歌舞伎座に坂東玉三郎さんの「阿古屋」、映画館に「ボヘミアン・ラプソディ」と二日連続で観劇をしました。どちらも素晴らしく、実に幸せで満ち足りた時間を過ごすことが出来ました。
ところで、SNSを見ているとたまに目に入ってくるのですが、映画でも何でも、何かを見に行く際に、
「今日はインプットの日!」
「何事も勉強勉強!」
みたいなことを仰る方がいますが、うーん……と思ってしまいます。こういうことを仰る方というのは、自分が見たいから、好きだからそれを見たのではなくて、インプットや勉強が第一目的なのでしょうか。そもそもそんなこと言う必要はありますかね? と思ってしまいます。
自分が見たいから見た、面白かったなら面白かった、そうでないからそうでなかったでいいわけで、なぜインプットやら勉強やらという言葉が真っ先に出てくるのか私には疑問です。優れた芸術やエンターテインメントといったものを全身で浴びる際に、いちいちインプットだ勉強だなどと思うのは逆に不純であるように感じます。いちいちそんな心構えをしなくとも、受けたものは自然と自分の血になり肉になるはずですので、そういう表現はどうも腑に落ちません。
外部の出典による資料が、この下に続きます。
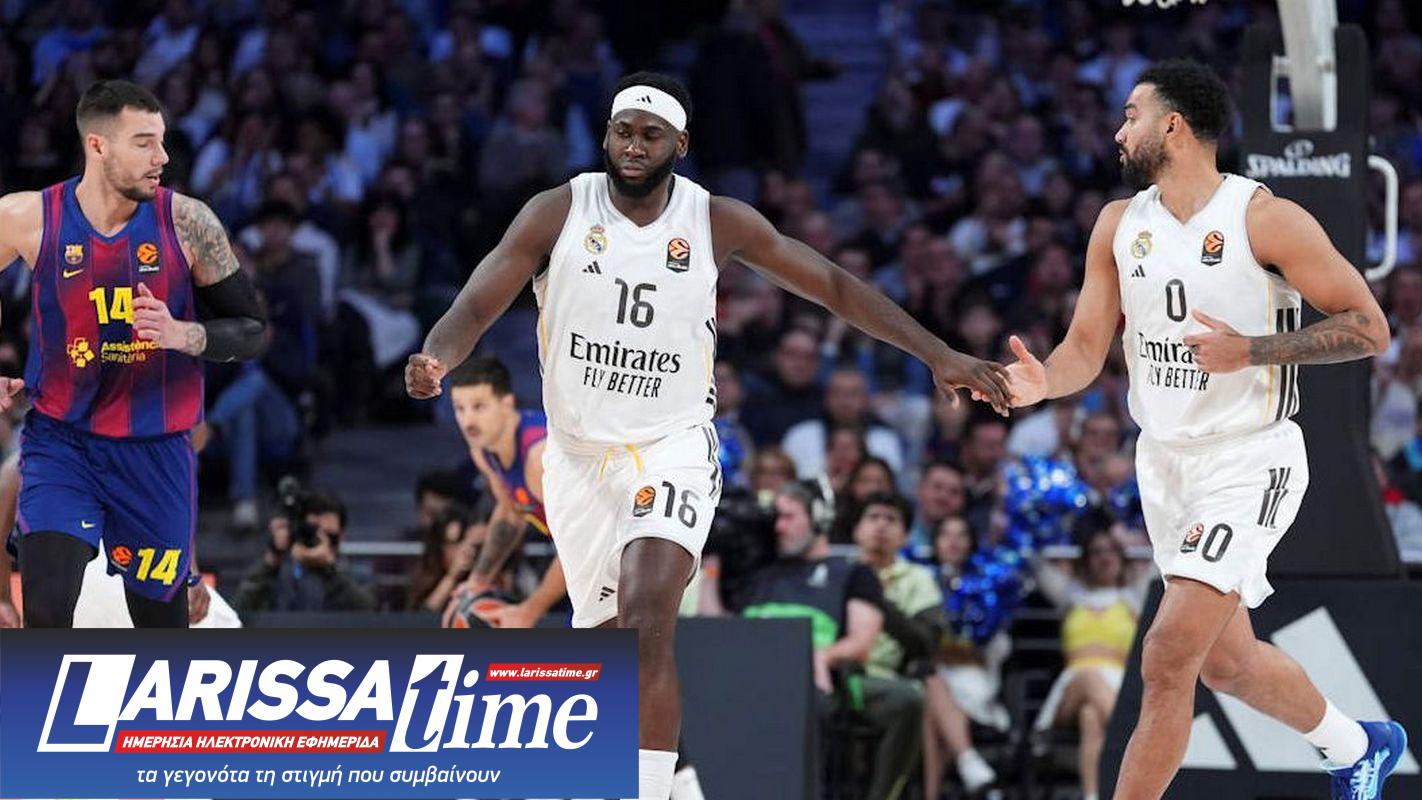 Η Ρεάλ επιβλήθηκε απόλυτα της Μπαρτσελόνα στο ευρωπαϊκό clasico, φτάνοντας στο «δύο στα δύο» απέναντι στους Καταλανούς και ισοφαρίζοντας το ρεκόρ τους (14-8). Με άμυνα-γρανίτη και απόλυτο έλεγχο των ριμπάουντ, οι Μαδριλένοι είχαν το πάνω χέρι από το ξεκίνημα, κρατώντας τη «Μπάρτσα» στους 31 πόντους στο πρώτο ημίχρονο και πηγαίνοντας στα αποδυτήρια με +12 (43-31).

私も、歌舞伎、映画、美術、音楽等、色々なものを見聞きし、そこから自分の舞台に対して影響を受けたり、引用したりということはよくあります。先人や偉大な方々からいいものを取り入れたい、自分の音楽や舞台をより良いものにしたいという欲求は常にあります。しかし、それらはいちいち宣言しなくとも当然のことであるように思います。見終わって、とても勉強になったと思うことは多々ありますが、勉強しようと思って見たことは無いです。逆に、自分は大して見たくないのに見る必要があるような場合は、勉強のためにと思うことがあります。ですから、自分が見たいもの、見ると決めたものに対してインプットだ勉強だというのは、私は違う気がするのです。
そんなわけで、インプットや勉強という言葉は、なんだととっても薄っぺらく感じてしまうのです。そういうものが嫌でも目に入ってくるので、SNS離れが加速していきます。自分から嫌なものを見る必要はないですからね。
2018年12月31日追記
何の偶然か、まさしくこういうことだという言葉を見つけたので紹介いたします。
映画を見るときでも、本を読むときでも、ネタ探しの目的で見たり読んだりすることはまったくないです。
要するに楽しみのために見ます。そして見終わっちゃったら忘れちゃって。けど、見ること自体が刺激になって、何かが触発されて、まるっきり関係のないアイデアがピョコっと出ることもありますしね。